» WORK TO COMPLETE: Pictures stay out. Everything else in the listing below gets written out exactly.

» DATA EXTRACT:
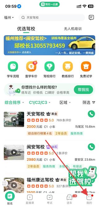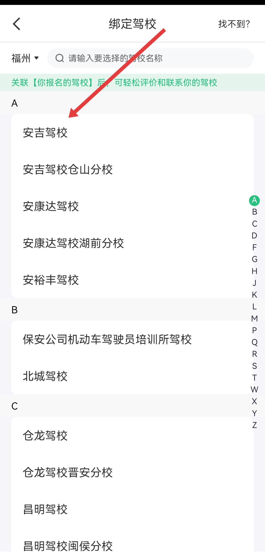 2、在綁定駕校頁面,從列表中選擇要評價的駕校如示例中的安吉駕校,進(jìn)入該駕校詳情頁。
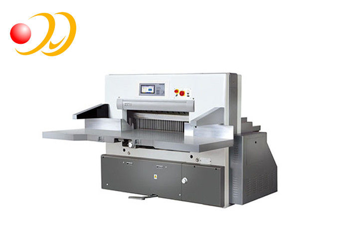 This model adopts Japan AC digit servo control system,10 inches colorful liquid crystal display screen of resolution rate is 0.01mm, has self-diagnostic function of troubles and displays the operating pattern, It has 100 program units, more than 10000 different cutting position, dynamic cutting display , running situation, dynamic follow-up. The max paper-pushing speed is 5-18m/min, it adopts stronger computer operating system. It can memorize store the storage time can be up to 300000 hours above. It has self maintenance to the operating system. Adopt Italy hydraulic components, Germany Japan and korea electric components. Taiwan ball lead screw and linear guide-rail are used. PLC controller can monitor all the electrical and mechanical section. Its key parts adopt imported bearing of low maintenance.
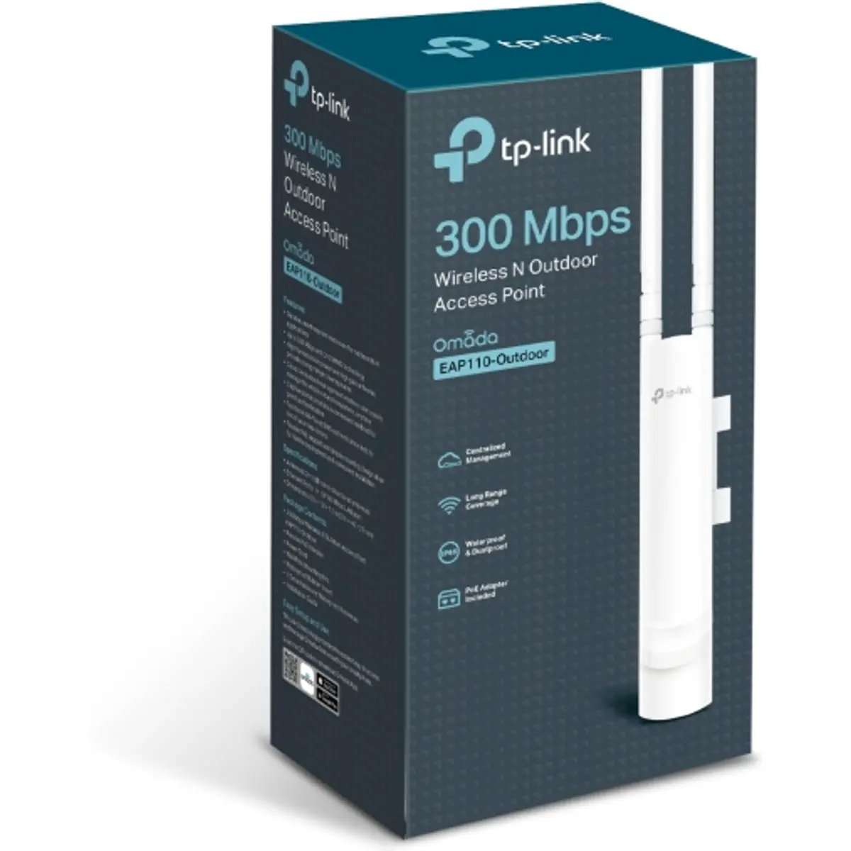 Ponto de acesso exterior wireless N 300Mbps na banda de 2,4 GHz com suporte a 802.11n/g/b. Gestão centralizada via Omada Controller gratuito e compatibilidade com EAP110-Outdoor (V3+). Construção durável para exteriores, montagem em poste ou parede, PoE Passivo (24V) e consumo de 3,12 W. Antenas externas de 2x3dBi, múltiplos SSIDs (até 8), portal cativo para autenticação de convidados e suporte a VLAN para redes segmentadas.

» ANSWER TO THIS PROBLEM:
 2、在綁定駕校頁面,從列表中選擇要評價的駕校如示例中的安吉駕校,進(jìn)入該駕校詳情頁。
 This model adopts Japan AC digit servo control system,10 inches colorful liquid crystal display screen of resolution rate is 0.01mm, has self-diagnostic function of troubles and displays the operating pattern, It has 100 program units, more than 10000 different cutting position, dynamic cutting display , running situation, dynamic follow-up. The max paper-pushing speed is 5-18m/min, it adopts stronger computer operating system. It can memorize store the storage time can be up to 300000 hours above. It has self maintenance to the operating system. Adopt Italy hydraulic components, Germany Japan and korea electric components. Taiwan ball lead screw and linear guide-rail are used. PLC controller can monitor all the electrical and mechanical section. Its key parts adopt imported bearing of low maintenance.
 Ponto de acesso exterior wireless N 300Mbps na banda de 2,4 GHz com suporte a 802.11n/g/b. Gestão centralizada via Omada Controller gratuito e compatibilidade com EAP110-Outdoor (V3+). Construção durável para exteriores, montagem em poste ou parede, PoE Passivo (24V) e consumo de 3,12 W. Antenas externas de 2x3dBi, múltiplos SSIDs (até 8), portal cativo para autenticação de convidados e suporte a VLAN para redes segmentadas.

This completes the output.